Evoked Potentials at a Glance

Question	Answer
Most sensitive EP for MS?	VEP (85–90% sensitivity)
Key VEP waveform?	P100 — prolonged latency = demyelination (optic neuritis)
Most robust BAEP wave?	Wave V (inferior colliculus)
BAEP in acoustic neuroma?	Prolonged I–III interpeak latency
BAEP in brain death?	Absent all waves or only Wave I present
Best prognostic test post-cardiac arrest?	SSEP: bilateral absent N20 at 24–72 hrs = poor outcome (FPR <1%)
SSEP pathway?	Dorsal columns → medial lemniscus → thalamus → sensory cortex
MEP pathway?	Motor cortex → corticospinal tract → anterior horn cell → muscle
Intraoperative alarm criteria?	50% amplitude drop or 10% latency increase
SSEP alone can miss what?	Anterior cord ischemia (need MEP for corticospinal tract)
What does latency reflect?	Myelin integrity (prolonged = demyelination)
What does amplitude reflect?	Axonal integrity (reduced = axonal loss)

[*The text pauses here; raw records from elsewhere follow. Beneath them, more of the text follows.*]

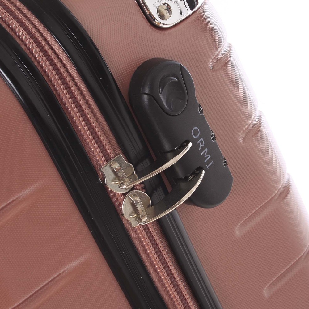 Speciální pevný kufr růžové barvy se nebojí moderní doby! Značka Ormi je kreativní a nabízí Vám nové tvary plastových kufrů se čtyřmi kolečky. Užijte si v klidu svoji dovolenou či pracovní cestu s novými značkovými kufry velikosti L. Kufr je na zip, zámek je kódovaný trojčíslím. Takže budete mít své osobní věci jistě v bezpečí. Nabízí hlavní dvoustupňovou teleskopickou rukojeť a vrchní plastovo-gumové madlo. Uvnitř uvítáte upínací popruhy a dělící prostor zipem. Kufr je vysoce odolný vůči mechanickému poškození i proti nízkým či vysokým teplotám.
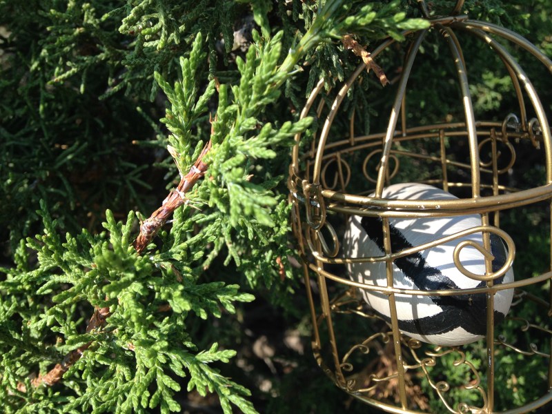 At our campground in Santa Fe I saw several of these eggs in birdcages hanging in trees and on fences. The ones I saw were off the beaten path and sort of hidden. The eggs were all painted differently, though they were all black and white. Not sure of the significance…
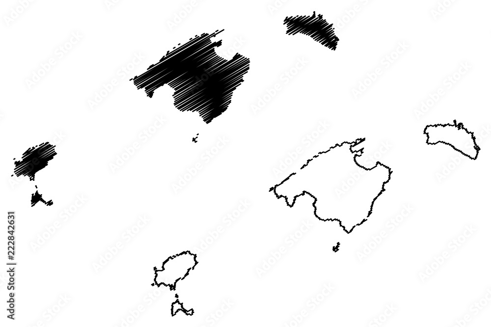 Wall Mural Balearic Islands (Kingdom of Spain, Autonomous community) map vector illustratio
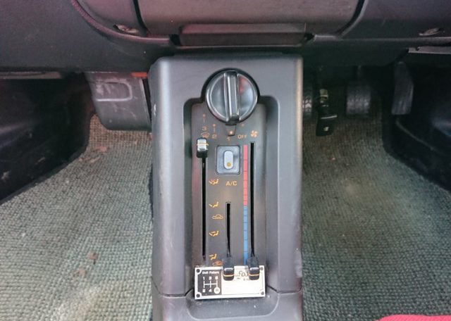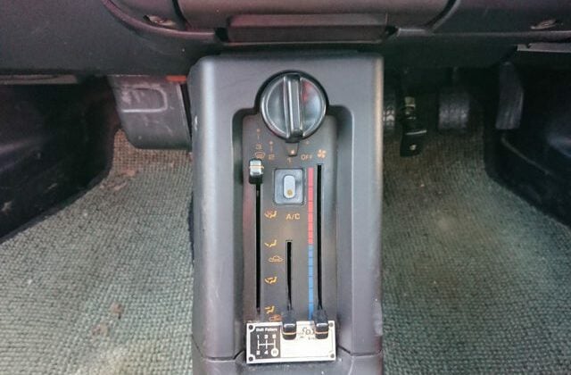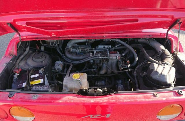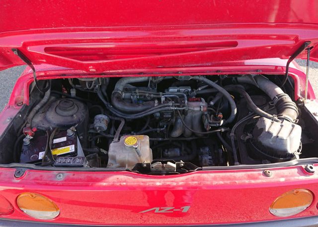 The engine is the tried and true Suzuki F6A. My experience with this engine has been very positive and, while I have not yet driven an AZ-1, I have driven the Suzuki Cappuccino and the Suzuki Alto Works Kei sports cars that use this same engine and transmission gearing. In stock Kei sports trim there are two versions of the F6A turbo-charged, inter-cooled, straight three cylinder power plant: the 2-valve SOHC head and the 4-valve DOHC head. The 2-valver, like what you’ll find in an early ‘90s Alto Works i.e. puts out 9.2kg/m of torque at a nice low 3,500rpm, and 61ps of horse power at 6,000rpm. The 4-valver, like what you’ll find in an Alto Works RS/X or in this Mazda AZ-1, puts out 8.7kg/m of torque at a higher 4,000rpm and 64ps (officially) of horse power at 6,500rpm. (This 4-valve engine redlines at a stratospheric 9,000rpm!)

BAEP Wave Generator Quick Table

Wave	Generator	Quick Memory
I	Distal CN VIII	Ear (cochlear nerve)
II	Cochlear nucleus	Pontomedullary junction
III	Superior olivary complex	Lower pons
IV	Lateral lemniscus	Upper pons
V	Inferior colliculus	Midbrain (most robust)

References

Chiappa KH. Evoked Potentials in Clinical Medicine. 3rd ed. Lippincott-Raven; 1997.
Aminoff MJ. Aminoff's Electrodiagnosis in Clinical Neurology. 6th ed. Elsevier; 2012.
Nuwer MR. Fundamentals of evoked potentials and common clinical applications today. Electroencephalography and Clinical Neurophysiology. 1998;106(2):142–148.
American Clinical Neurophysiology Society (ACNS). Guideline 9D: Guidelines on short-latency somatosensory evoked potentials.
Wijdicks EFM et al. Practice parameter: Prediction of outcome in comatose survivors after cardiopulmonary resuscitation. Neurology. 2006;67(2):203–210.
Continuum (AAN). Clinical Neurophysiology and Evoked Potentials review articles.